Left: Tablet disintegration time vs. tensile strength. Right: Tablets dissolution profile (lines added as guide to the eye).

Fig. 8.

Comparison of dissolution profiles for formulation 2 with different SCF during roller compaction (lines added as guide to the eye).

4. Conclusion

A tablet formulation with high amount of spray-dried ASD (75% Nifedipine:HPMCAS 1:2 ratio) was developed using the widely commercially applied binder/disintegrant combination of MCC/croscarmellose, or MCC/L-HPC. Roller compaction of the ASDs reduced the compressibility and compactibility of the formulation while increasing bulk density and powder flow. At low specific compaction force of 5 kN/cm, the hollow spray-dried ASD particles were compressed and little granulation (particle size enlargement) was observed. At higher compaction force, the compaction energy was not fully absorbed by compression of the ASD particles and surplus energy was available for granulation (particle size enlargement) while further reducing compactibility. However, roller compaction at low SCF was sufficient to enable a robust tablet production process, showing that when designing roller compaction processes with spray-dried ASDs with HPMCAS, compression pressure should be selected carefully to avoid loss of tensile strength in downstream tablet compression. Tablets with high ASD load in the formulation, sufficient tensile strength for downstream coating or packaging, with rapid disintegration and quick dissolution are available by rational selection of the binder/disintegrant system.

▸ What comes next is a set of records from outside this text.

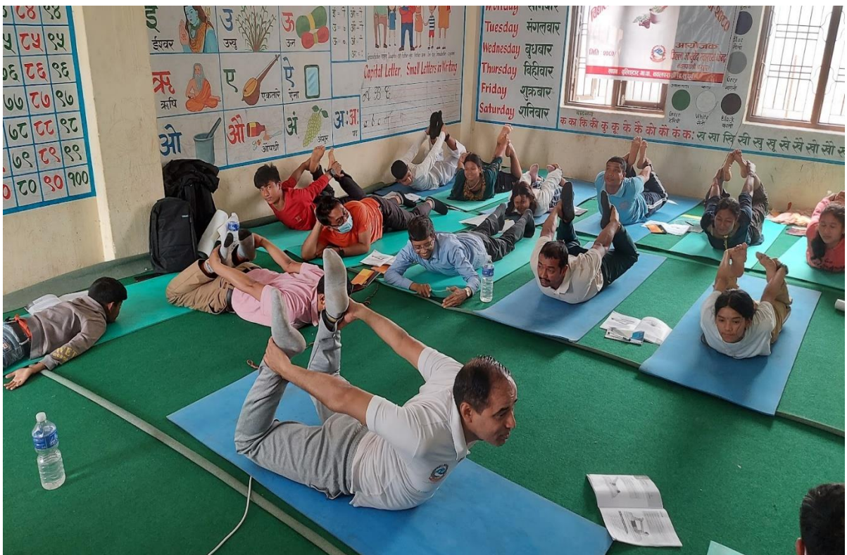
विद्यालय आयुर्वेद तथा योग शिक्षा
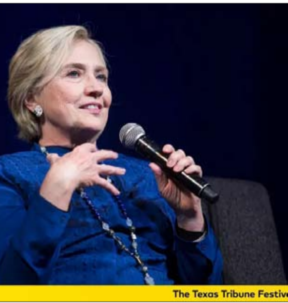
سبق ان توقعوا هزيمة هيلاري عام 2016

جون أنتوناكيس، لكن الحقيقة هي أن خطابه كان ناجحاً إلى حد ما، وأنه كان قادراً على عكس درجات اليمين الديني والمؤيد للسلاح. على مدار 484 جملة في خطابه، استخدم الجمهوري 269 عنصراً من "الخطابة الكاريزمية"، مقارنة بـ 155 فقط لثانسه الديمقراطي، الذي نطق 298 جملة فقط، وهكذا حصل الرئيس على درجة كاريزما نسبية تبلغ
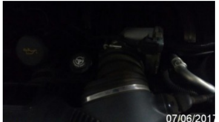
Foto Direção Assistida
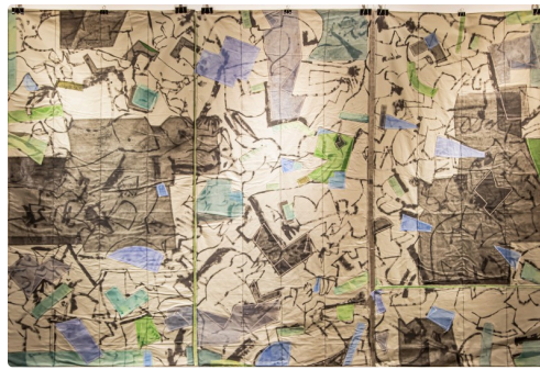
2 tableau de Michel Danton 1bis161123.jpg
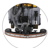
Tergitore regolabile ... ... e compatto
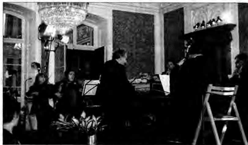
Barokowa orkiestra "Musicae Antiquae Collegium Varsoviense".

Przez cały tydzień, od 12 do 19 maja, łańcucki zamek rozbrzmiewał muzyką w ramach Festiwalu Muzycznego - już po raz czterdziesty!

The following are the supplementary data related to this article.

Funding

This work was supported by SE Tylose GmbH & Co. KG.

Declaration of Competing Interest

Andreas Sauer reports financial support, article publishing charges, and equipment, drugs, or supplies were provided by SE Tylose GmbH & Co. KG. Andreas Sauer reports a relationship with SE Tylose GmbH & Co. KG that includes: employment. Co-Authors are employed by SE Tylose GmbH & Co. KG or other Shin-Etsu group companies.